▶ Saved entries
******************************

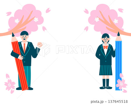 桜と鉛筆を持つ制服姿の中学生・高校生の男女のイラスト
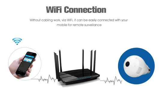 Bulb camera with 960P resolution and 10-metre lens focal length for clear security monitoring, featuring wireless connectivity and 360-degree coverage for comprehensive surveillance
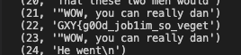 1 | 猜字符串游戏(大小写字母+数字),猜中全部20位得flag+送去非洲,你不小心偷看到了一部分是: |
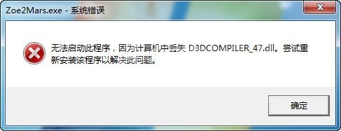 1、使用Win 7系統(tǒng)的玩家若運(yùn)行游戲時(shí)出現(xiàn)“無(wú)法啟動(dòng)此程序,因?yàn)橛?jì)算機(jī)中丟失D3DCOMPILER_47.dll”的錯(cuò)誤提示(如下圖所示),請(qǐng)安裝游戲根目錄中的“Windows6.1-KB4019990-x64.msu”補(bǔ)?。?br />
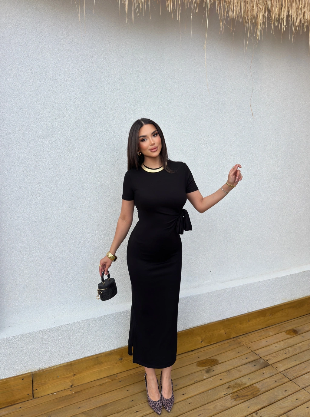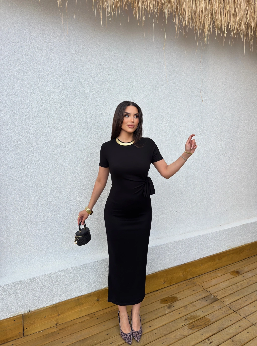Siyah Tasarım Bağlama Detay Uzun Elbise
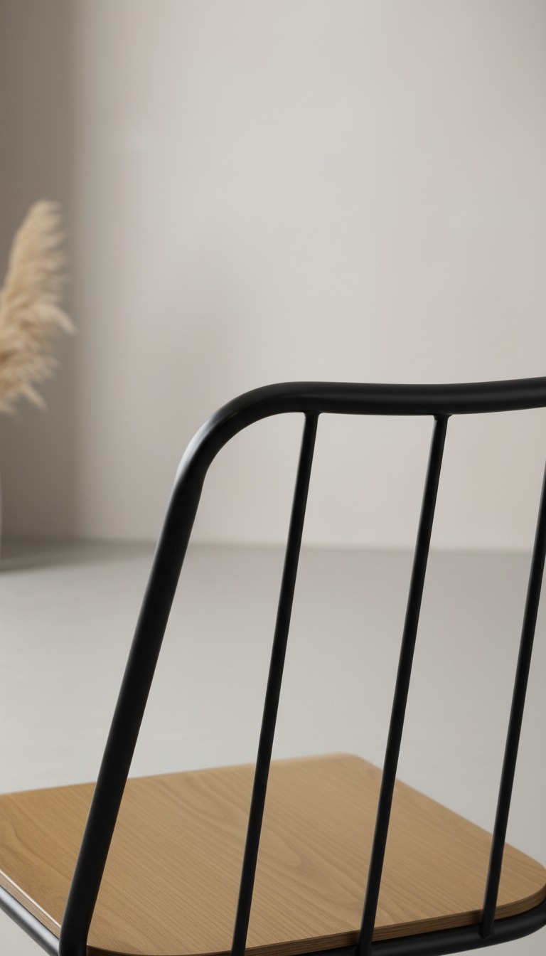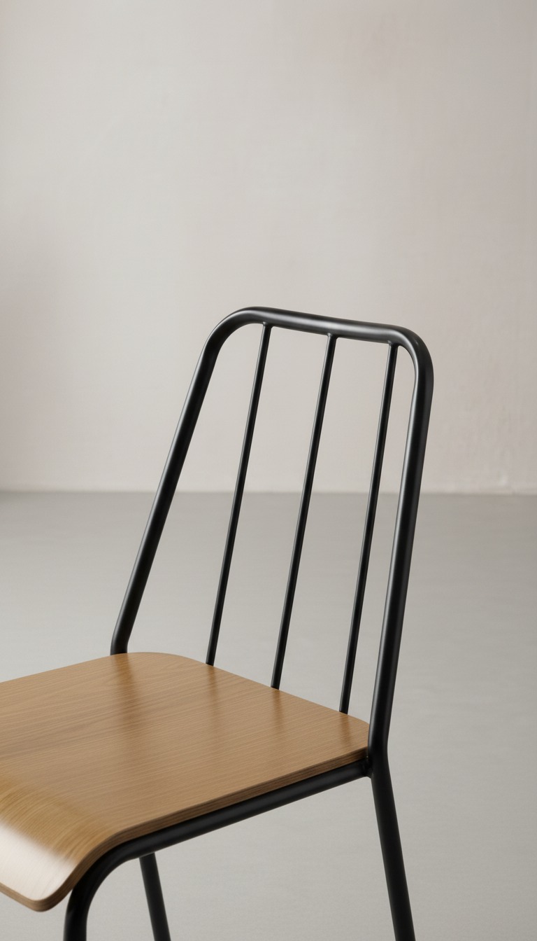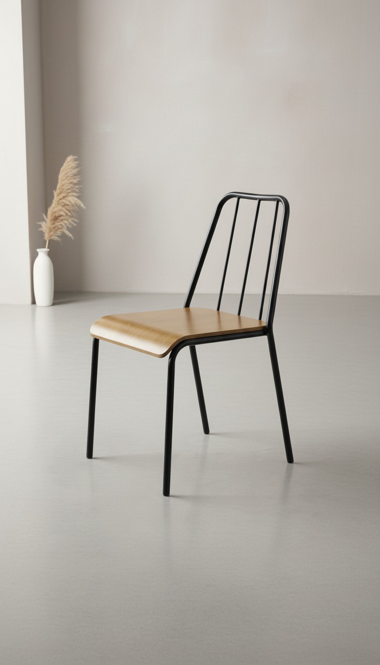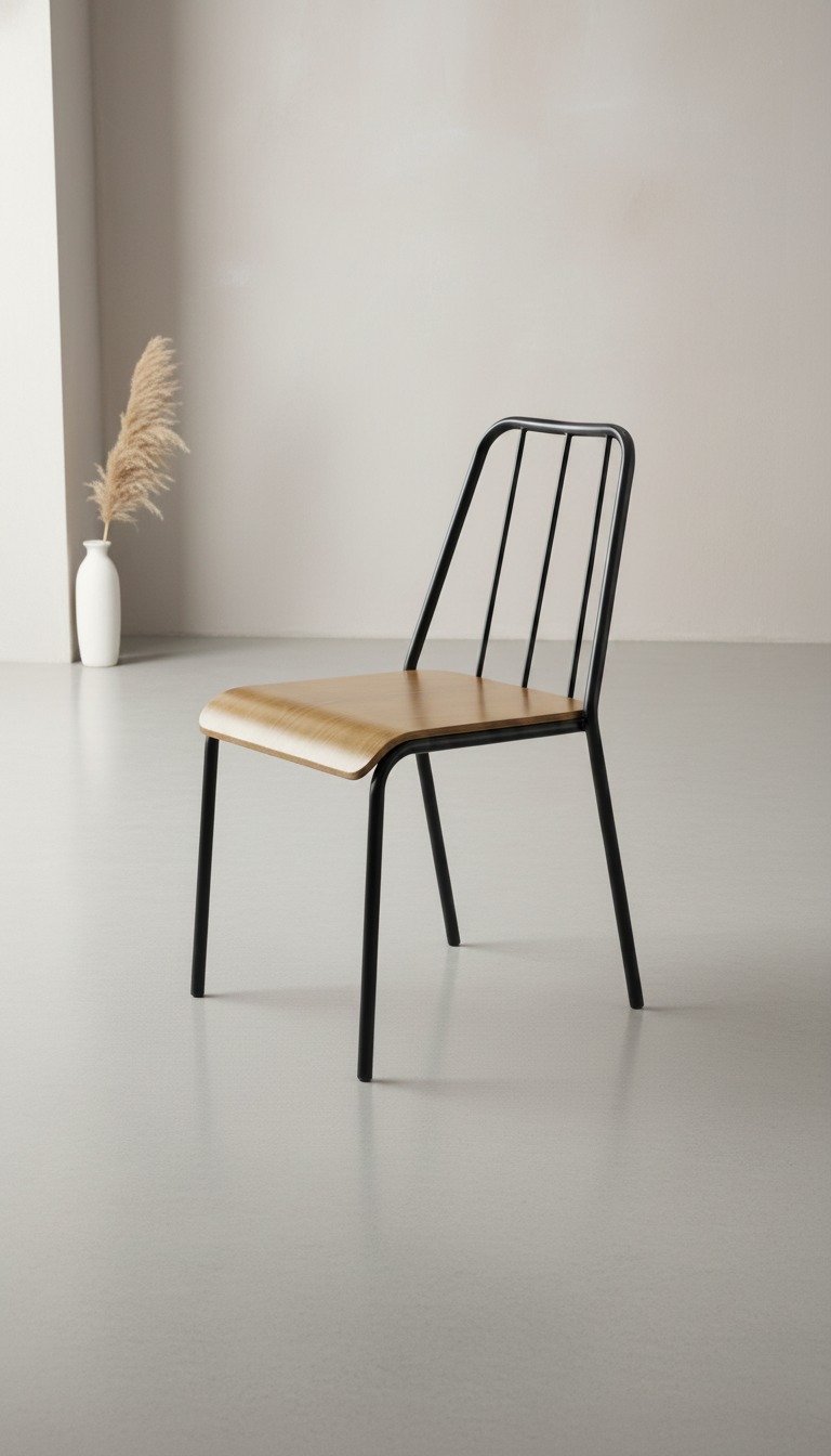 Minimalist ve dayanıklı tasarımıyla dikkat çeken bu sandalye, sağlam metal iskelet yapısı ve ergonomik ahşap oturma alanı ile hem estetik hem de uzun ömürlü kullanım sunar. Modern mutfaklar, kafeler ve çalışma alanları için ideal bir tercihtir.

******************************

▶ Exercise
Leave out the pictures, and please output only the lines from the line that contains "Siyah Tasarım Bağlama Detay Uzun Elbise" through the end of the data, both ends included.

▶ Task result
Siyah Tasarım Bağlama Detay Uzun Elbise
 Minimalist ve dayanıklı tasarımıyla dikkat çeken bu sandalye, sağlam metal iskelet yapısı ve ergonomik ahşap oturma alanı ile hem estetik hem de uzun ömürlü kullanım sunar. Modern mutfaklar, kafeler ve çalışma alanları için ideal bir tercihtir.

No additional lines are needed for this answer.